1. Absolute deviation of chi1 torsion angle from the "ideal". 2. Absolute deviation of omega torsion angle from the "ideal". 3. Absolute deviation of zeta "virtual" torsion angle (defined by the atoms Calpha-N-C-Cbeta) from the "ideal". 4. Absolute deviation of main-chain hydrogen bond energy from the "ideal". 5. B-value of gamma atom (O, C, or S - being whichever is used in definition of the chi1 torsion angle). 6. Average B-value of main-chain atoms. 7. Average B-value of side-chain atoms. 8. G-factors for phi-psi distributions. 9. G-factors for chi1-chi2 distributions. 10. Overall residue-by-residue G-factor. 11. Approximate accessibility, as estimated by each residue's Ooi number.
The shading behind the schematic picture gives an approximation to the residue accessibilities.
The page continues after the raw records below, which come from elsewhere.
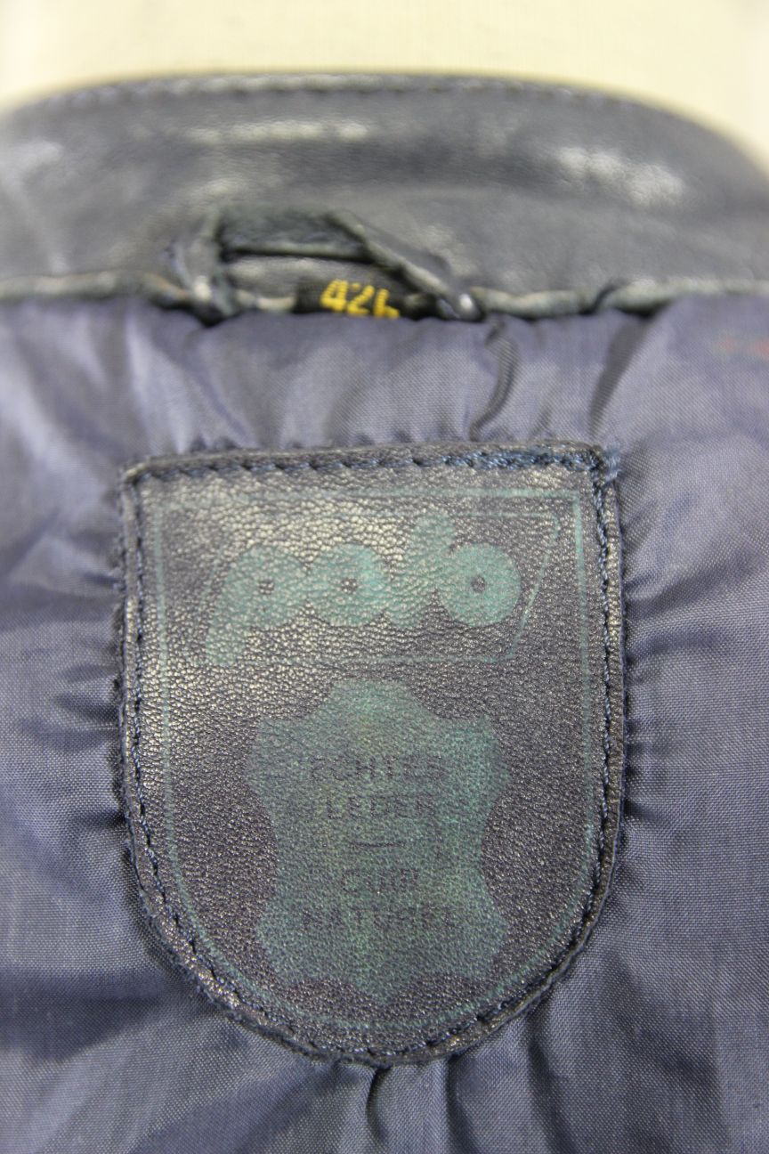 A SUPERB QUALITY DARK BLUE LEATHER BIKER JACKET IN VINTAGE 70's STYLE, WITH FOLD DOWN COLLAR & QUILTED PADDING.
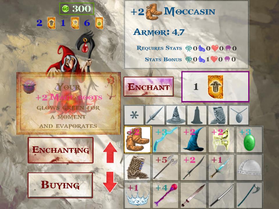 Items found in the cave can be enchanted and become immensely stronger in the process. Each time an item is enchanted there is a small chance that the item rejects the new power and is destroy, evaporating into thin air.
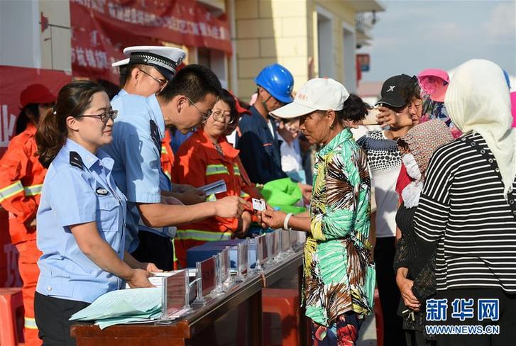 在內蒙古鄂爾多斯市杭錦旗獨貴塔拉鎮芒哈圖村,獨貴塔拉鎮派出所民警在“民生集市”上向群眾發放新辦理的身份證(6月8日攝)。新華社記者 彭源 攝
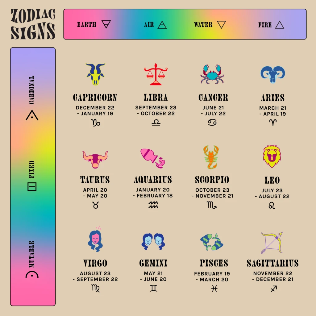 Each zodiac sign falls under one of three “modalities”: Cardinal, Fixed, or Mutable. These categories determine how each sign expresses their overarching energy.

The approximation is a fairly crude one, being based on each residue's Ooi number (Nishikawa & Ooi, 1986). An Ooi number is a count of the number of other Calpha atoms within a radius of, in this case, 14A of the given residue's own Calpha. Although crude, this does give a good impression of which parts of the structure are buried and which are exposed on the surface. Future versions of PROCHECK will include an accurate calculation of residue accessibility.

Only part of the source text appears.